═══ DATA SEGMENT ═══
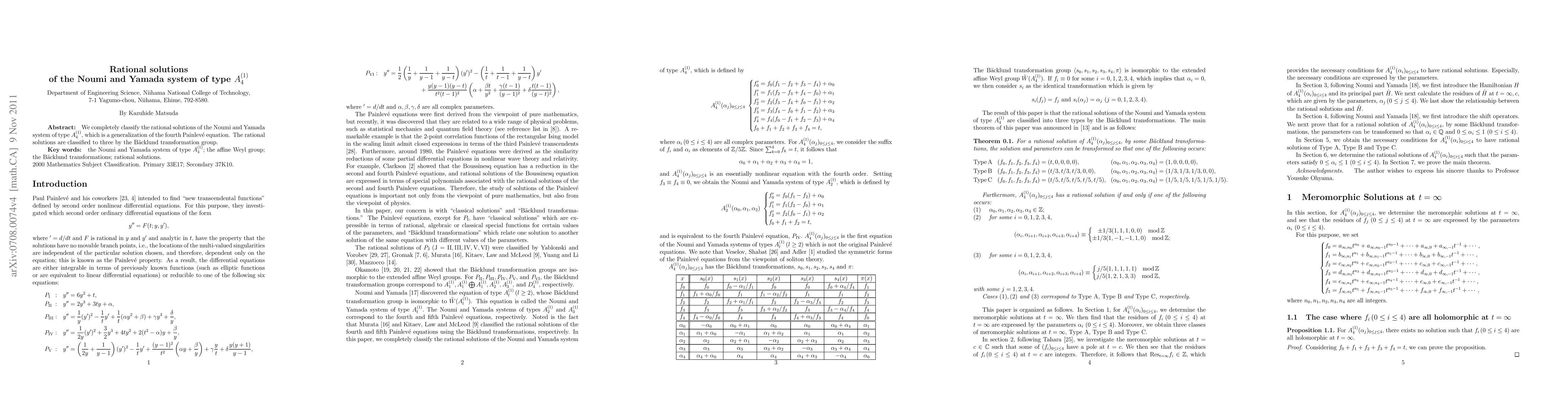 In this paper, we completely classify the raional solutions of the Noumi and Yamada system of type A_4^{(1)}, which is a generalization of the forth Painlev\'e equation. The rational solutions are classified to three types by the B\"acklund transformation group.
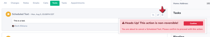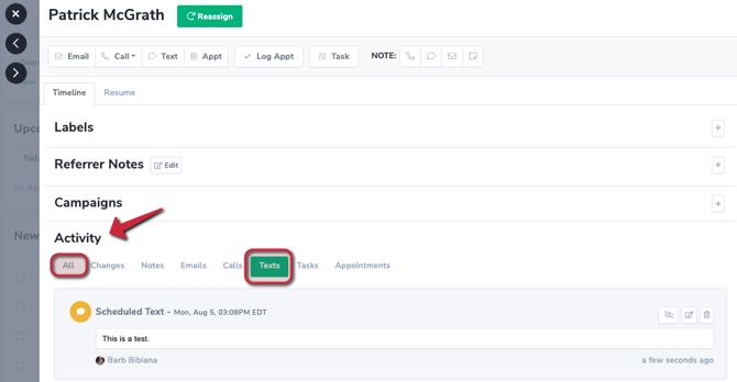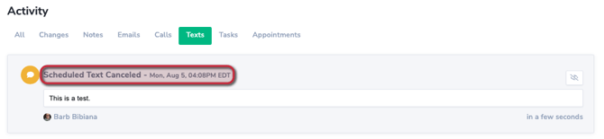 - In the Activity timeline under the ALL tab or TEXT tab find the scheduled text
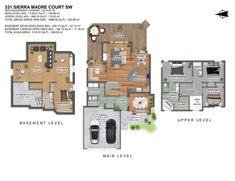 Prime Location in Signal Hill – Backing onto Green Space! Tucked away at the end of a quiet cul-de-sac, this well-maintained and upgraded 2-storey home offers over 2,900 sq. ft. of developed living space, exceptional privacy, and direct backing onto green space. Ideally located close to Westhills Towne Centre, schools, the recreation centre, downtown, and with easy access to major routes, this home combines convenience with a peaceful setting. The functional main floor, spanning over 1,100 sq. ft., features a fully upgraded kitchen with quartz countertops and stainless steel appliances, along with a formal dining room, den, breakfast nook, and a bright living room with vaulted ceilings and a cozy gas fireplace. An external solar screen blind enhances comfort and efficiency by covering the large windows. A laundry room and powder room complete this level. Step outside to a newly built deck overlooking a large, well-maintained pie-shaped lot—perfect for outdoor activities and entertaining. The charming front porch offers the ideal spot to relax and enjoy evening sunsets. Upstairs, the spacious primary suite includes a large ensuite with a corner soaker jetted tub, separate shower, and double vanity. Two additional generously sized bedrooms and a full bathroom complete the upper level. The fully finished basement provides even more living space with a massive recreation area featuring built-in desk and shelving, a fourth bedroom with an egress window, and a full bathroom. Recent updates such as fresh paint throughout, triple-pane windows, quartz countertops, and stainless steel appliances further showcase the pride of ownership in this exceptional home. Please click the Virtual Tours for more details!
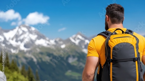 Strong man embarks on an alpine hiking adventure with a robust backpack
═══
Give the preceding data back exactly, minus every picture.

EXERCISE RESULT:
 In this paper, we completely classify the raional solutions of the Noumi and Yamada system of type A_4^{(1)}, which is a generalization of the forth Painlev\'e equation. The rational solutions are classified to three types by the B\"acklund transformation group.
 - In the Activity timeline under the ALL tab or TEXT tab find the scheduled text
 Prime Location in Signal Hill – Backing onto Green Space! Tucked away at the end of a quiet cul-de-sac, this well-maintained and upgraded 2-storey home offers over 2,900 sq. ft. of developed living space, exceptional privacy, and direct backing onto green space. Ideally located close to Westhills Towne Centre, schools, the recreation centre, downtown, and with easy access to major routes, this home combines convenience with a peaceful setting. The functional main floor, spanning over 1,100 sq. ft., features a fully upgraded kitchen with quartz countertops and stainless steel appliances, along with a formal dining room, den, breakfast nook, and a bright living room with vaulted ceilings and a cozy gas fireplace. An external solar screen blind enhances comfort and efficiency by covering the large windows. A laundry room and powder room complete this level. Step outside to a newly built deck overlooking a large, well-maintained pie-shaped lot—perfect for outdoor activities and entertaining. The charming front porch offers the ideal spot to relax and enjoy evening sunsets. Upstairs, the spacious primary suite includes a large ensuite with a corner soaker jetted tub, separate shower, and double vanity. Two additional generously sized bedrooms and a full bathroom complete the upper level. The fully finished basement provides even more living space with a massive recreation area featuring built-in desk and shelving, a fourth bedroom with an egress window, and a full bathroom. Recent updates such as fresh paint throughout, triple-pane windows, quartz countertops, and stainless steel appliances further showcase the pride of ownership in this exceptional home. Please click the Virtual Tours for more details!
 Strong man embarks on an alpine hiking adventure with a robust backpack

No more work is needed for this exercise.